Our two states are the current coin and the amount we currently have. If we reach the end of the
coins, we just recurse backwards. If we reach the amount, we found a unique combination. If we go
over the amount, we just backtrack again. At each stage of the recursion, we're looking to see what
happens if we skip or choose the current coin.

Looking at this iteratively, we're making the same choices, it's just a bit more difficult to convey
in code. We'll start off with a memoization table that records our solutions for how many unique
combinations we know of to create a target amount. The table ranges from 0 to amount + 1, and each
index represents the known number of ways to reach that target across all coin types. For table[0],
it's always initialized to 1 - there's only one unique way to create 0 value and that's to just pick
nothing.

We start with the last coin in the list, and we look backwards table[j - coins[i]], where j is the
current value we're trying to create. We're reusing previously solved problems to update the current
number of unique combinations to create j with coins[i]. Our base case of table[0] helps us carry
forward 1 coin in the event we have a method to create j with coins[i].

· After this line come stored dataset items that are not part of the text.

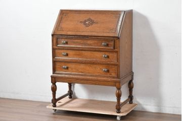 アンティークのビューローブックケースは、本棚兼デスクとして活躍する便利なアイテム。本で調べものをすることが多い方にぴったりのデスクです。見た目もゴージャスで存在感があり、雰囲気たっぷりのワークスペースづくりができます。
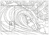 Предметы, изображённые на гравюрах, имеют форму спирали Фибоначчи: дерево, волна, гора Фудзи. В искусстве японцев большую роль играет символическое значение чисел. Единица и нечётные числа обозначали Небо и мужское начало мира. Единица является божественным числом.
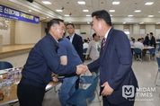 미담타임스 정인화 기자 | 이범석 청주시장은 29일 임시청사 직지실에서 제106회 전국체육대회 출전을 앞두고 있는 직장운동경기부 선수단 감독들을 만나 격려했다. 오는 10월 17일부터 23일까지 부산광역시 아시아드주경기장을 포함한 82개 경기장에서 개최되는 전국체육대회에, 청주시 선수단은 총 328명이 27개 종목에 출전한다. 이 중 청주시청 직장운동경기부는 8개 부문*에 50명의 선수가 출전해 청주시의 위상을 드높일 예정이다. 감독들로부터 출전보고를 받은 이범석 시장은 “선수 여러분의 열정과 땀은 이미 청주시의 자랑”이라며 “이번 전국체전에서도 자신감을 갖고 그동안 갈고닦은 실력을 마음껏 펼쳐주시길 바란다. 청주시민들과 함께 여러분을 응원하겠다”고 따뜻한 격려와 응원의 메시지를 전했다.
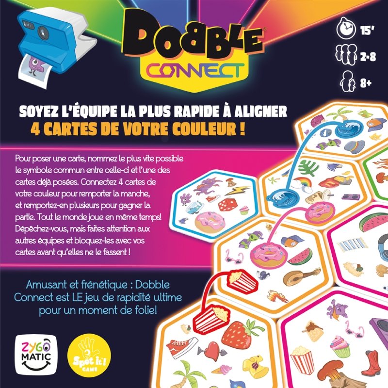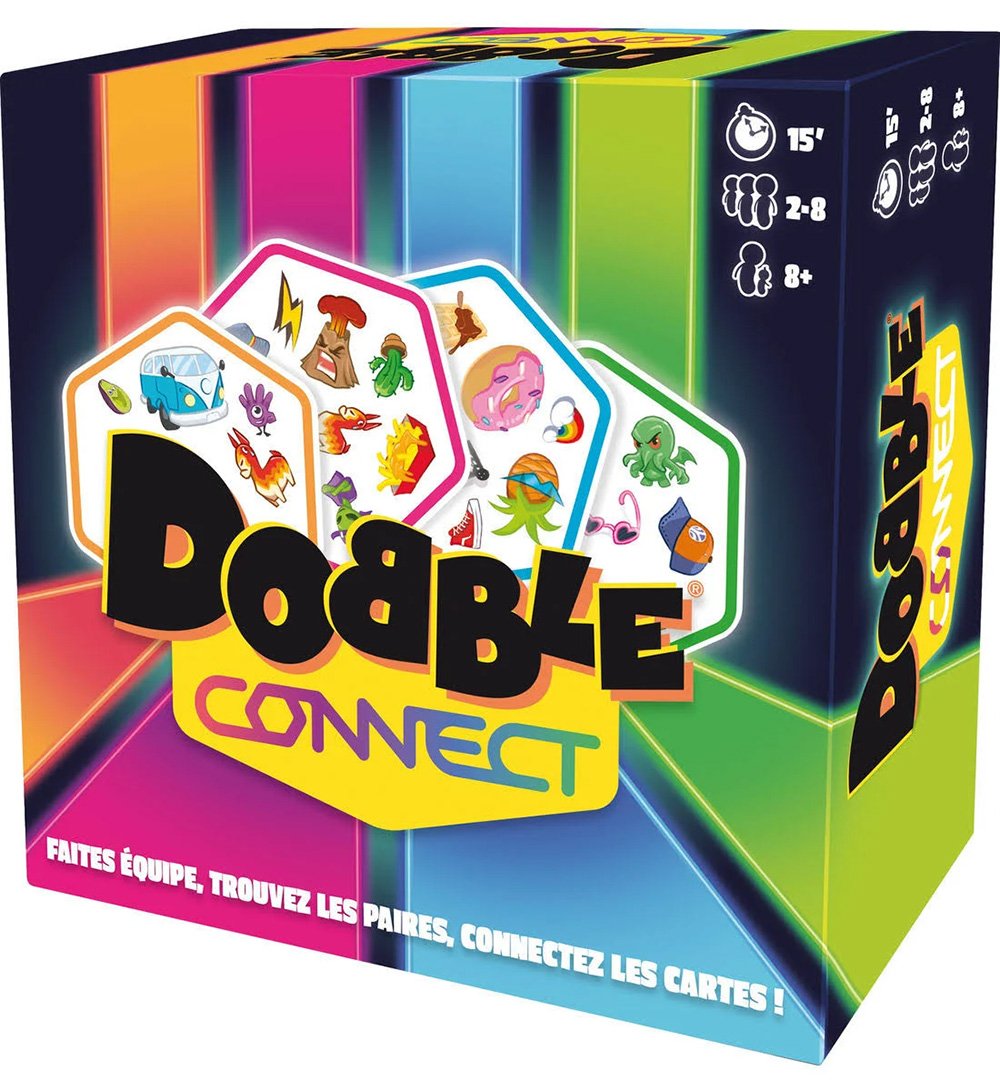 Trouvez la paire et alignez les hexagones ! Jouez à Dobble en équipes ! Retrouvez le seul symbole commun et aligner 4 cartes De nouvelles règles amusantes pour s’amuser en famille ou entre amis ! Repérez le symbole commun entre vos cartes, alignez-en 4 pour gagner, et empêchez vos adversaires d’y parvenir avant vous ! Dobble Connect se joue par équipe de deux. Soyez rapides pour être les premiers à créer une ligne droite de 4 hexagones à votre couleur et remporter la manche.
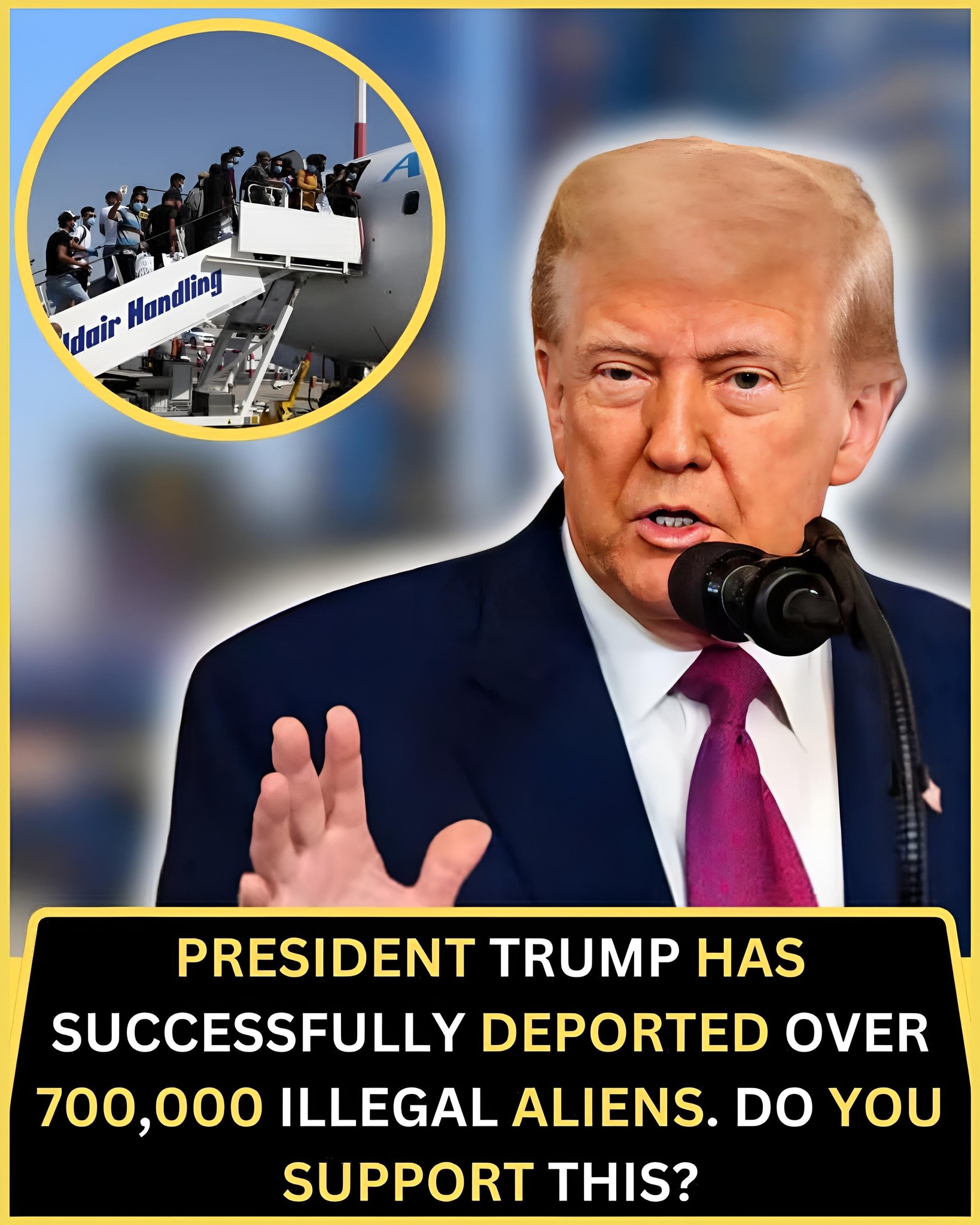 Donald Trump leans into the microphone, one hand raised as if delivering a verdict. In the corner, a packed staircase of people boarding a plane captures the human cost behind the headline claim: “President Trump has successfully deported over 700,000 illegal aliens. Do you support this?”

The recursive solution is as follows:


  class Solution:
      def change(self, amount: int, coins: List[int]) -> int:
          n = len(coins)

          @cache
          def dp(i: int, t: int) -> int:
              if i == n:
                  return 0

              if t == amount:
                  return 1

              if t > amount:
                  return 0

              return dp(i, coins[i] + t) + dp(i + 1, t)

          return dp(0, 0)


_ Time Complexity:

  O(n * t) - Where n is the number of coins and t is the target amount, we essentially DFS through
  this many choices.

_ Space Complexity:

  O(n * t) - Our recusrive stack will reach this size.


The iterative solution is as follows:


  class Solution:
      def change(self, amount: int, coins: List[int]) -> int:
          n = len(coins)
          T = [0 for _ in range(amount + 1)]
          T[0] = 1

          for i in range(n - 1, -1, -1):
              for j in range(coins[i], amount + 1):
                  T[j] += T[j - coins[i]]

          return T[-1]


_ Time Complexity:

  O(n * t) - We loop through t amounts, and we conduct the loop n times.

_ Space Complexity:

  O(t) - We maintain a memoization table size t + 1.